Geoff Dyer, Writer
Still reading that letter after all the years? You really must be the slowest reader in the world, buddy. Or is it written in code? Not really, though I suppose the bit where she says, ‘I've fallen in love with Sam and we are going to be married’ means, as Dirty Harry put it years later: You're shit out of luck . Yes, it can take a while for the simplest bits of information to sink in. Only kidding. Obviously the letter in your hand is really an ongoing account of all the responses to seeing you in the long years since you took up residence here. Every time anyone looks at you they add another line. So in a sense you were the original interactive work of art.
Speaking personally, you were the second sculpture I became conscious of. The first was of Edward Wilson, on the Promenade in my hometown of Cheltenham. Wilson died with Scott in the Antarctic. And Charles Sargeant Jagger – who made you – also did the statue of Shackleton at the Royal Geographical Society, so in my mind you are sort of sandwiched between these heroic Polar figures. Obviously when I was a kid, on the rare occasions when I arrived at Paddington, I had no idea that you were made by Jagger but I knew about the war. When I used to go round to my friend Gary Hunt’s house his granddad would drop his trousers and show us his shrapnel wounds from the First World War. Mine was the last generation that could make that kind of claim, who had that direct living connection to the war. The Somme wasn’t just a historical event. It was something that had happened to people I knew.
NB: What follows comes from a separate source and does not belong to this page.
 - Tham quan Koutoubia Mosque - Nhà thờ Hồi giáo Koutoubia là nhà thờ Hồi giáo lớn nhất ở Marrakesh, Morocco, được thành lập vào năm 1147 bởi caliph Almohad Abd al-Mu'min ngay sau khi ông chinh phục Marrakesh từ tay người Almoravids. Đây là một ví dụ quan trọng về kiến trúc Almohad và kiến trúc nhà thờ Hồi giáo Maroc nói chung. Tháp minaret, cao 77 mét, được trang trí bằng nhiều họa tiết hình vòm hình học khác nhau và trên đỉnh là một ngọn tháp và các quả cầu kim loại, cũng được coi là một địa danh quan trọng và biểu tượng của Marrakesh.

At some point I started to think of what it would be like to be you, to be outside in a storm, wearing a soaking wet great coat. So it’s good to know that you're sheltered here by platorm1. I'm struck as well by how few people pay you any mind. Maybe that’s about to change because the war is coming into view again like a planet completing its hundred-year orbit round the sun. The present and the past – this bit of the past – are about to come into a four-year alignment. But the time when you and I were closest has passed. That was nearly 24 years ago. I was living in France, in Paris to be exact, waiting for news (of a book I'd published and another I'd finished, but trust me, that can be as agonising as waiting on news of the beloved). It was also, I realise now, the year of my most intense feelings about sculpture, specifically the statues in Tuileries. But then, as a result of being in France, I ended up becoming very interested in the War and the way it was remembered and all the sculptures that were such an important part of that remembering. That’s when I remembered that I'd known you for as long as I could remember.
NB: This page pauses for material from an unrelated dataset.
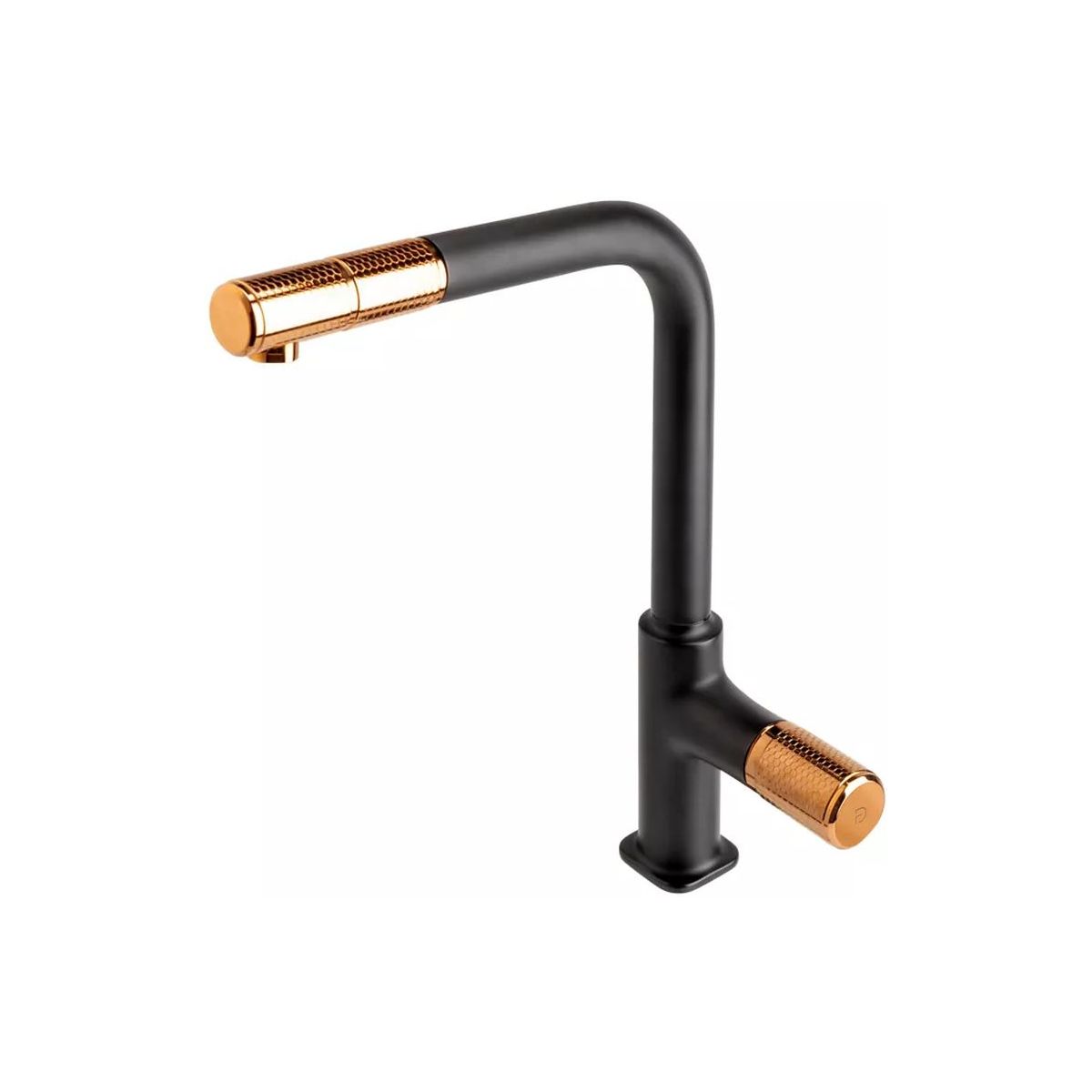 Le mitigeur de cuisine ARDESIA est un bon exemple de la tendance moderne du design des mitigeurs, qui se caractérise par une forme originale inspirée de la géométrie, des solutions fonctionnelles et une finition esthétique en noir mat avec des touches d'or rose. La poignée joystick permet de régler librement le débit souhaité et d'utiliser l'eau de manière efficace. Le bec pivotant et extractible à grande portée garantit le confort. Design et durable, il sera une décoration originale dans n'importe quelle cuisine, formant un duo harmonieux avec un évier en granit en graphite ou en graphite brillant, ainsi qu'avec un modèle en acier inoxydable.

You stand as a memorial to a mistake. So in a way what you're reading is more than a letter. You're reading the lessons of history. One of which is that, faced with the same situation, people would go for it all over again with exactly the same fervour. Because who could pass up the chance of making everything that had gone before seem like a prelude? A prelude to what? First exuberance and enthusiasm, then horror, then understanding. If the price was high that only emphasized the value of the lesson learned: that this was the war to end all wars. So that was great – for about two minutes. Then – oh shit, the war to end all wars turned into the peace to end all peace, and the end of one war actually contained the seeds of another even bigger one. So although we had learned the lesson there was another lesson to be learned which was that the lesson had not been properly learned – and history, if it teaches us anything, teaches that we will never stop learning. So that’s why you're still here, still reading after all these years, still poring over that piece of carved paper.
Anyway, to revert to the personal (which, as you know only too well, is just the universal in a particular context) what I'm saying is what all letters say: keep safe, stay warm and please understand if you don’t hear from me again.